I have never been one to do anything ahead of time but always have been one to get things done in time. I knew I would eventually decide on a college, just as a couple months prior I knew that I would eventually get my applications in on time. I turned in my deposit 9 p.m April 30, 2018, having only decided upon my decision a few hours before. I don't want to talk about it. I don't know how I feel and I'm tired of hearing about the many things and ways I'm supposed to feel. I'm just exhausted.
Despite my muscle weakening exhaustion, a heaviness weighing down upon my mentality, it seemed that I had yet to break down, to even slightly quiver ( a rarity for me and my mental state). Instead I ran on happiness for about two and a half weeks. Happiness from another human and happiness from denial. While I didn't do much photographing during this time I began to listen to photography podcasts, stories told by great photographers. I began to do my own research and dig up my own sources of inspiration. I have found in these two weeks that my new inspiration (though I have always loved many of these photographers) is darker than my clientele. The twisted, yet raw photographs of Goldin hardly tie into my Senior Photo Marketing.
Yet I crave that rawness, the sadness and horror within the images that are capturing moments of authentic, internal pain. My fingertips were first pushed towards a camera by the depression that seemed to hover over me five years ago and I have since been caught between the happiness of photographing others for their own pleasure and the emotional release that comes with photographing a darker, raw, concept.
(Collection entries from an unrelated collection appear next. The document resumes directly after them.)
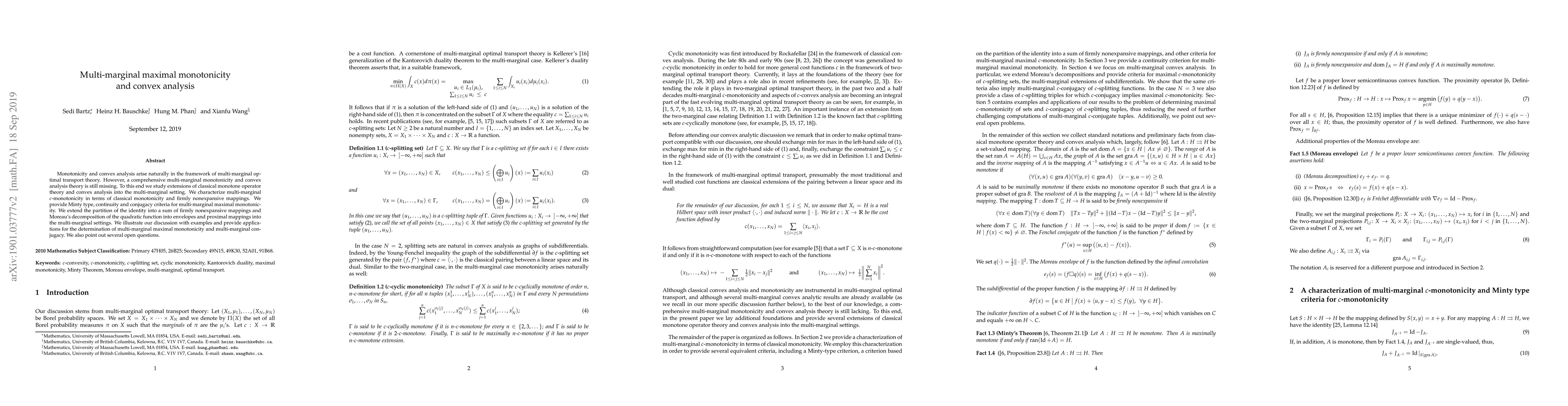 This paper extends classical monotone operator theory and convex analysis to multi-marginal settings, providing criteria for multi-marginal maximal monotonicity and conjugacy, and illustrating these with examples and applications. It also highlights open questions for future research.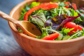 Widok z góry z sałatką ze świeżych warzyw na podłoże drewniane.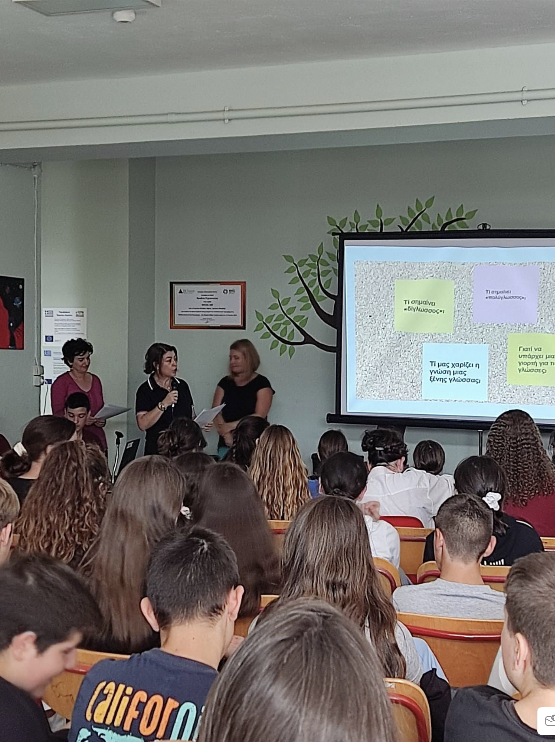 Μαθητές αλλά και καθηγητές πήρανε μέρος σε διαγλωσσικούς διαλόγους. Οι μαθητές παρουσίασαν την “πολυχρωμία” των ευρωπαϊκών γλωσσών μέσα από ποικιλία πληροφοριών για χώρες, γλώσσες και μνημεία της επιλογής τους, ενώ συμμετείχαν με ενθουσιασμό σε παιχνίδια και διαγωνισμούς.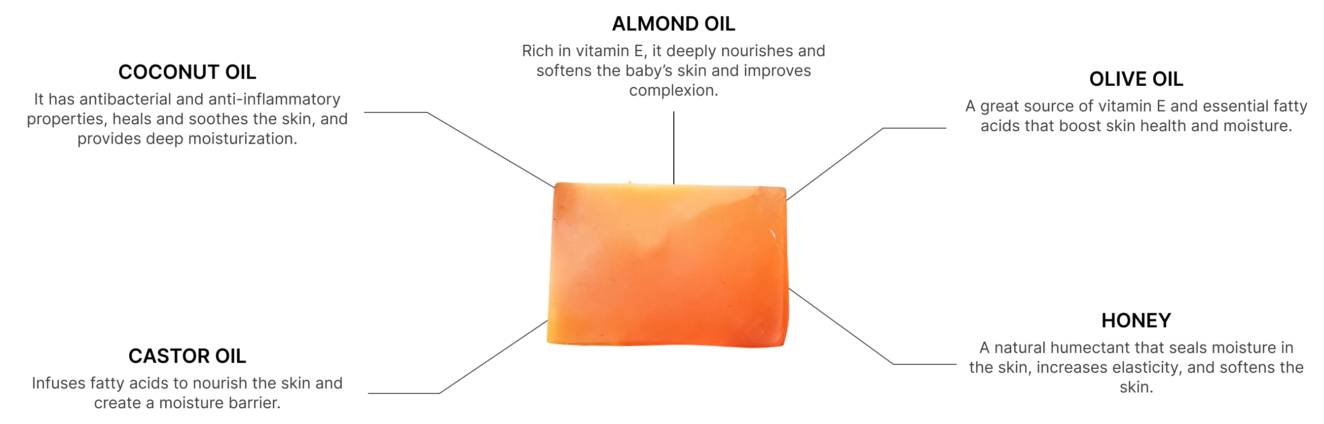 Nourishment: The soap nourishes, moisturises, and cleanses the baby’s skin.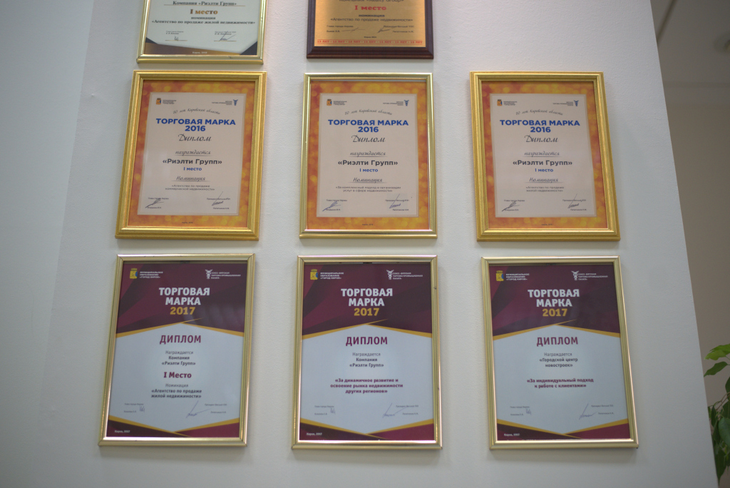 - полноправное членство в Российской Гильдии Риэлторов и первые места в региональном конкурсе «Торговая марка года» на протяжении 4 лет.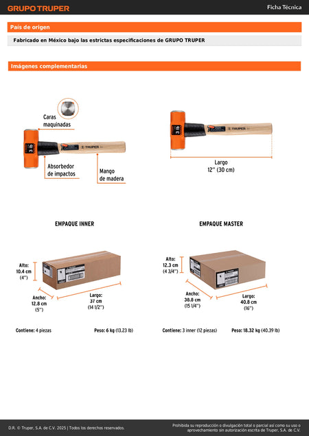 Marro Octagonal 3 lb Truper MD-3M - Cabeza Forjada Acero - Mango Madera 12 Pulgadas - Herramienta Demolición Profesional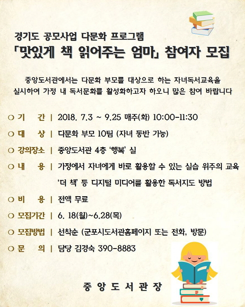 경기도 정보소외계층 독서프로그램 공모사업으로 선정된 ‘맛있게 책 읽어주는 엄마’ 프로그램은 다문화 가정의 독서문화 활성화를 위해 마련됐으며, 오는 7월부터 9월까지 매주 화요일 오전 10시에 12회에 걸쳐 실시된다.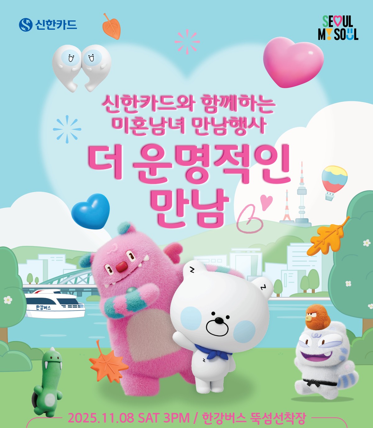신한카드가 서울시와 협력해 미혼남녀 교류 프로그램 '더 운명적인 만남'을 전액 후원한다고 10일 밝혔다. 행사는 오는 11월 8일 한강버스 뚝섬선착장에서 열린다.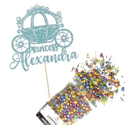 Cakeshop Cake Decoration Pack Birthday Princess Carriage Premium Double Sided Glitter Card Topper & 25g Party of Sugar Sprinkles Custom Name Decorations (Baby Blue)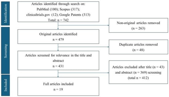 A total of 742 articles were identified during the initial search process. In the first screening phase, 263 non-original articles were removed. Then, 48 duplicate articles were removed. Subsequently, in the last screening phase, an evaluation of titles and abstracts excluded an additional 412 articles. Ultimately, 19 original articles met the inclusion criteria and were used for the final analysis (Figure 1).

five hour drive, NYC, 2018
on our way, New York, 2018
Little Maine seems to be slowly suffocating my expression, my passion but only because I let it... only because I do not take it upon myself to push deeper into what this beautiful (and complicated) state has to offer. Behind this "Vacation-land" face, is a darker interior riddled with the hardship of its population. And this is what I wish to explore.
Every conflict eventually must have a resolution... even if it's not a perfect one. My Instagram is likely to soon be scattered and messy... filled with lighthearted senior photos and contrasted by different-darker- work. I wish to push myself and strive to create photos that resonate with a different part of the heart and mind. While I love shooting work such as senior photos or couples, the feeling of capturing joy and personality in a way that makes the subjects feel beautiful, my artistic soul craves more. So I will do both.